The treatment of the Windrush generation is not an accident or mistake, it is another example of the racism rooted in British imperialism. It is the urgent and evident need for the British working class to stand together against this blatant manipulation of the workforce. Under apartheid South Africa black workers were referred to as ‘units of labour’. This will be the fate of the entire working class unless there is unity against this racist, imperialist state.

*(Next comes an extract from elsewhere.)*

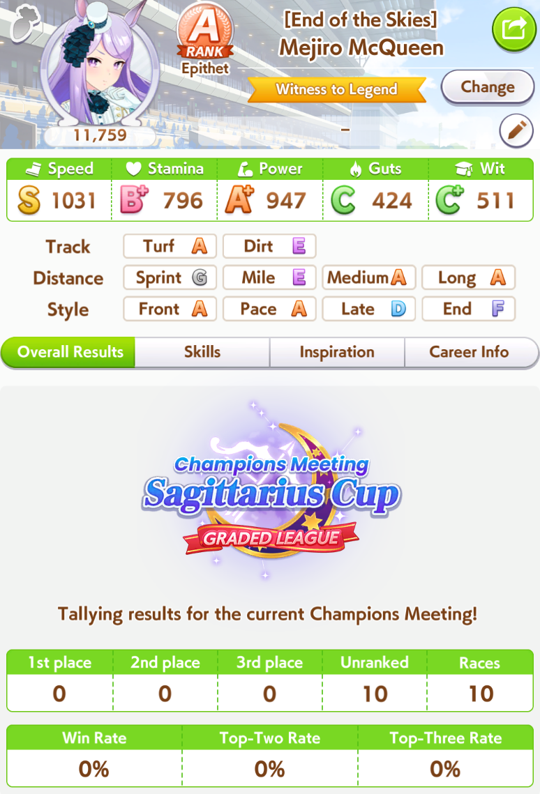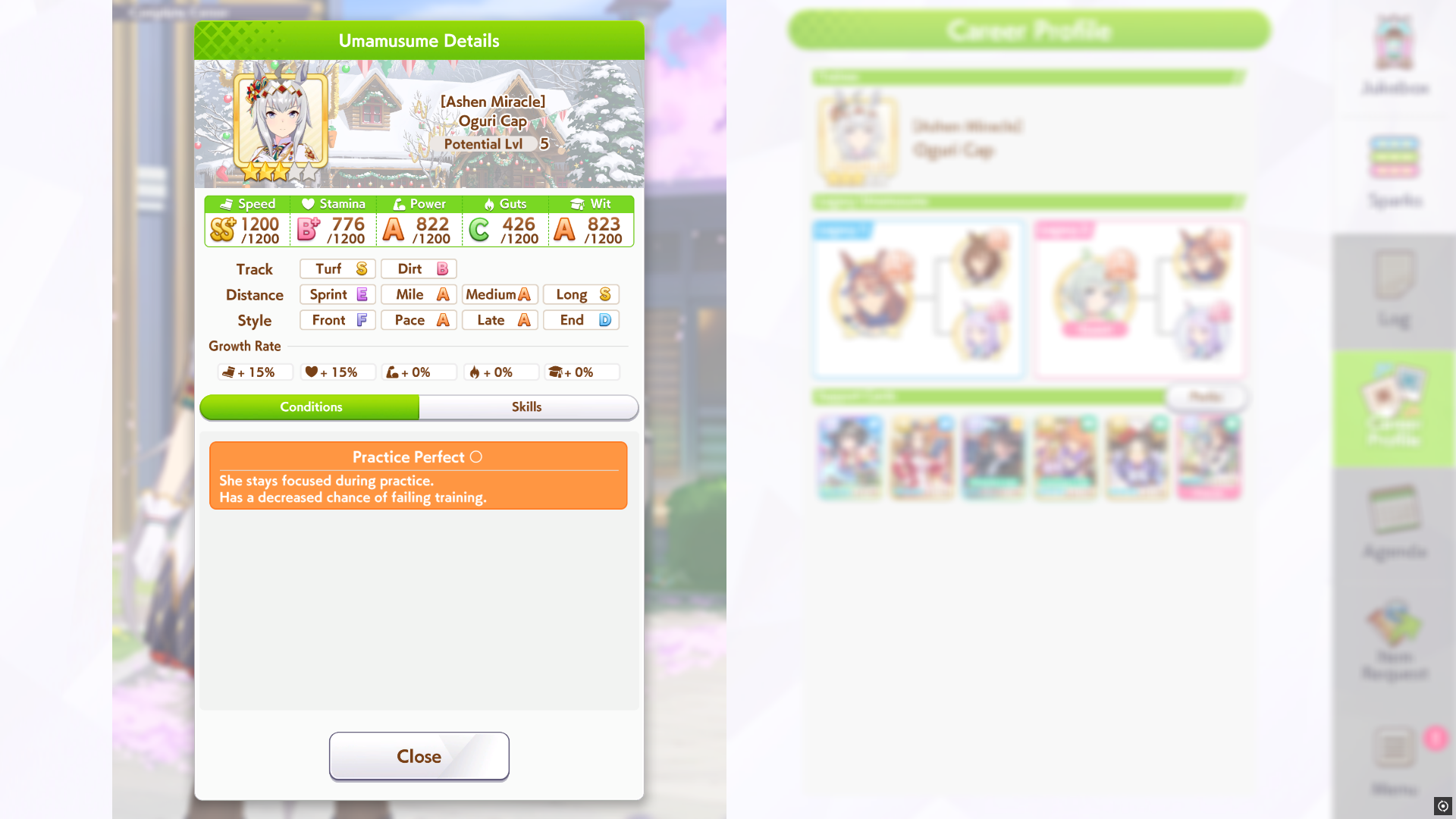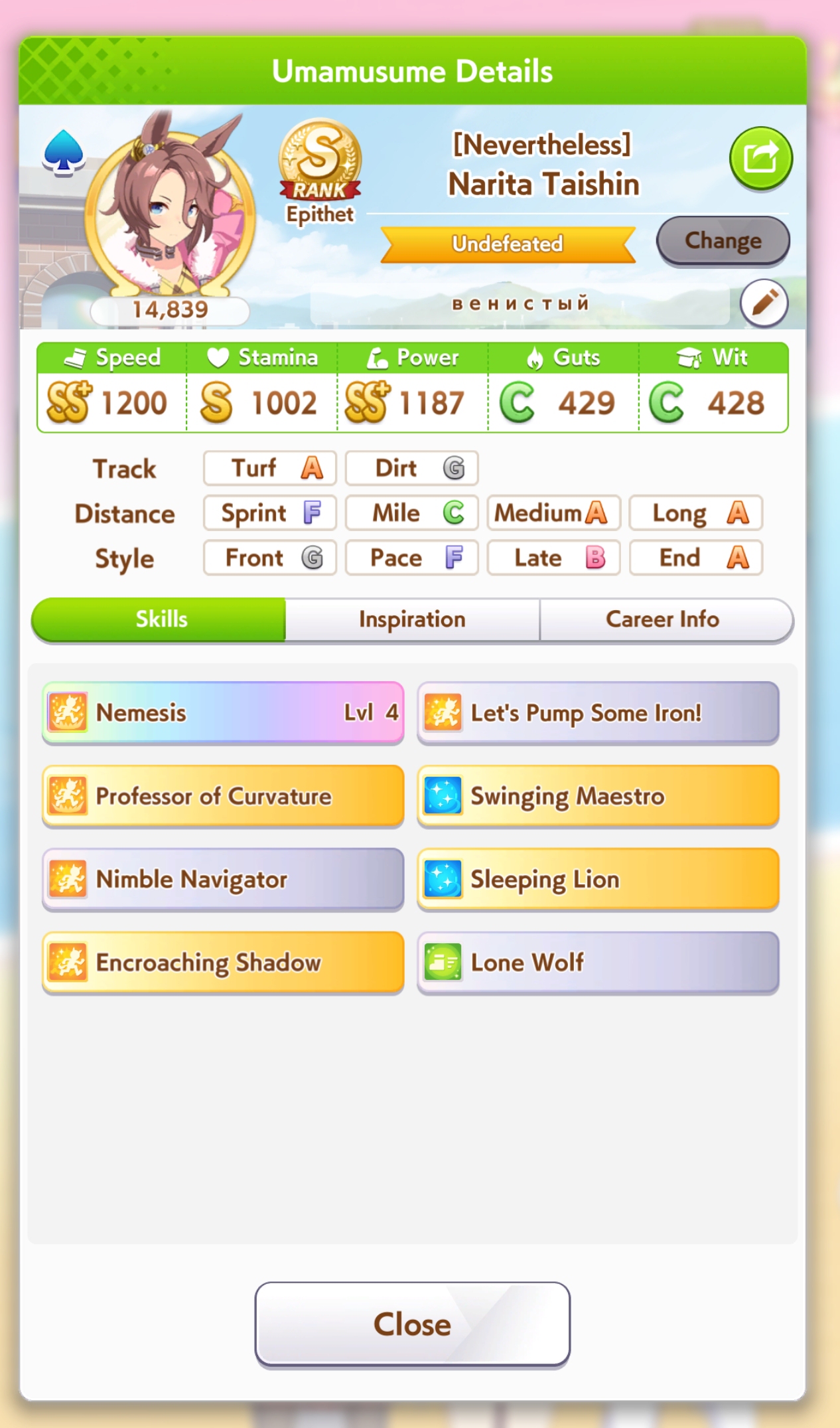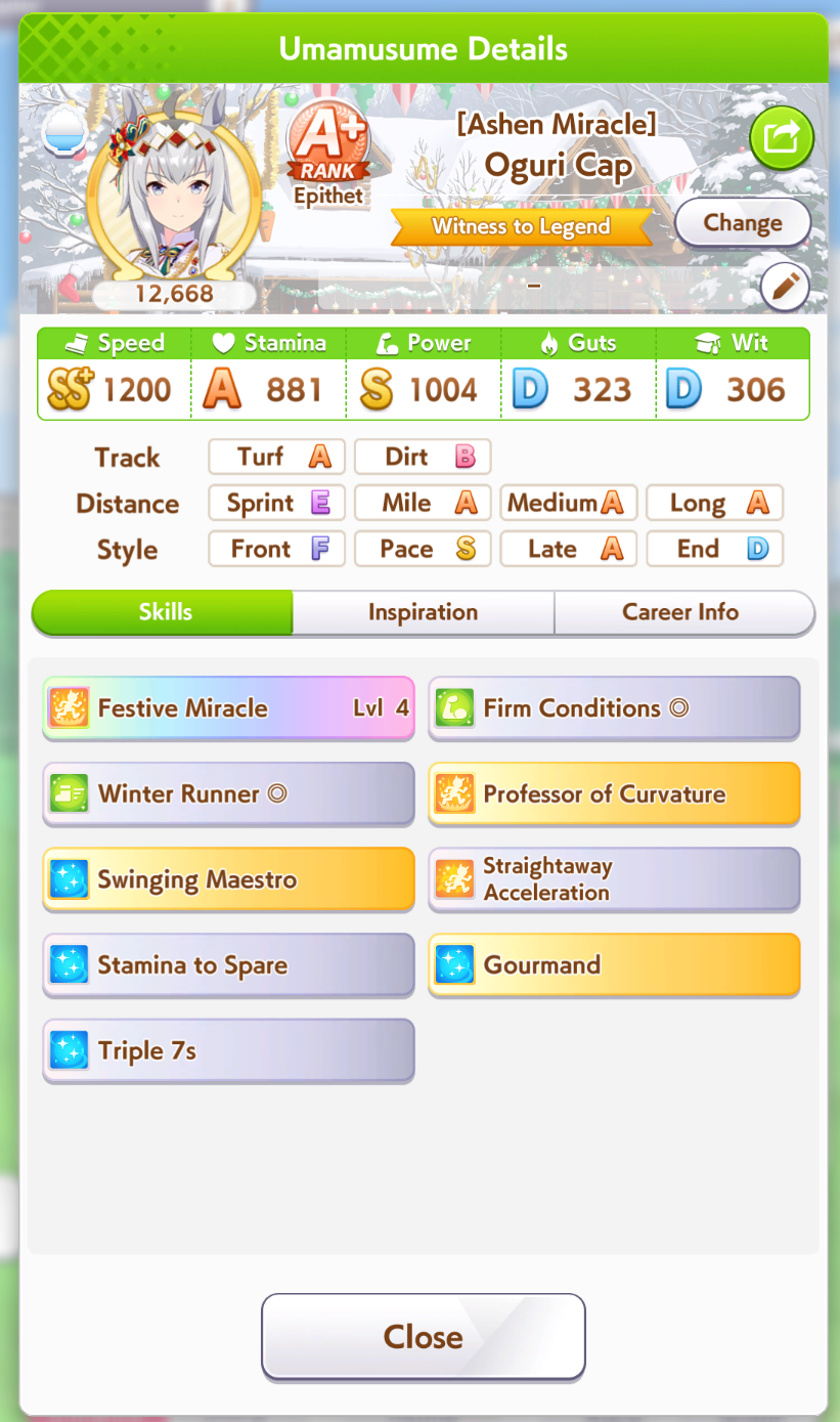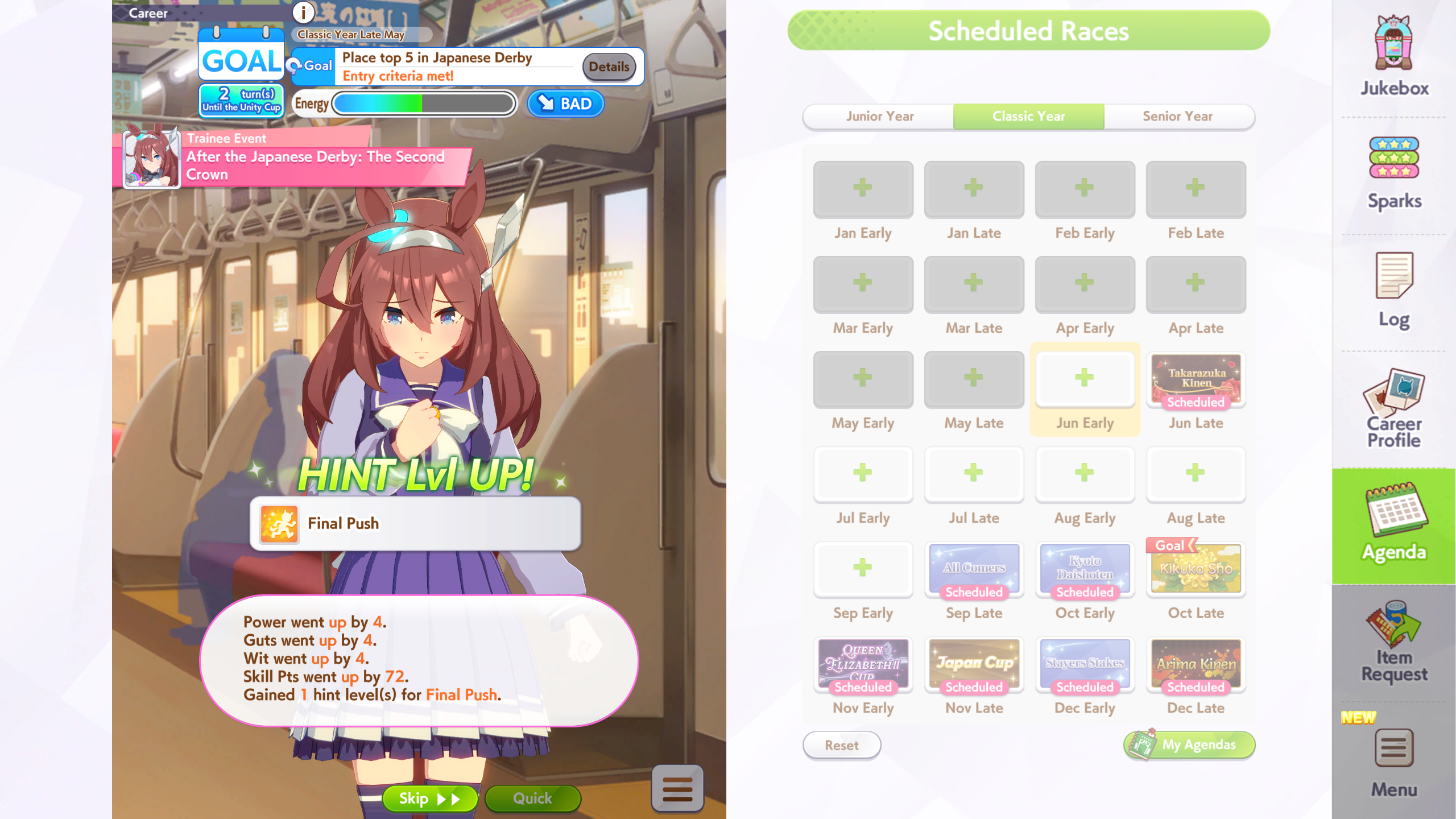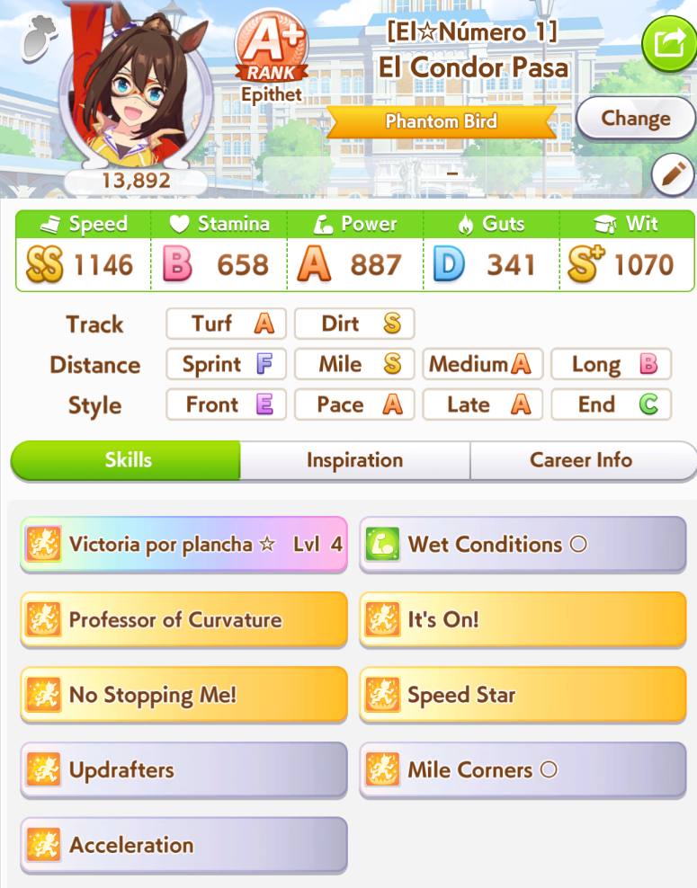 Первое впечатление от карьеры - лёгкая и чилловая. Не знаю как будет дальше, но даже несмотря на противное задание как у Огури а-ля: Выиграй в топ 3 столько то гонок, что принуждает тебя тратить ходы она и Юнити выиграла А ранговой тимой и сама вырывалась вперёд всегда под конец. Ума стан и S не упали и ладно, я и не думал что успею на этот турик её сделать

Fight Racism! Fight Imperialism! 264 June/July 2018


[1] Many migrants arrived without their children or dependants. The reduction of workers to individual units of labour, without the additional costs to capital involved in reproducing the working class as a whole, was an attractive feature of migrant labour – an advantage already at that time recognised and institutionalised in apartheid South Africa where the pass laws and Group Areas Act ensured that the reserve army of labour, the children, the old and the sick were banished to distant ‘bantustans’.

[2] The chorus runs:

            ‘Land of Hope and Glory, Mother of the Free,

            How shall we extol thee, who are born of thee?

            Wider still and wider shall thy bounds be set;

            God, who made thee mighty, make thee mightier yet…’

[3] Enoch Powell was a maverick big mouth. He served the Loyalist cause in the north of Ireland as MP for South Down from 1974 to 1987. His last political act was to endorse three UKIP candidates in the 1990s. The BBC has recently revived interest in his racist claptrap by broadcasting the ‘rivers of blood’ speech on radio. There is pressure to erect a ‘blue plaque’ for Powell in his old Midlands constituency.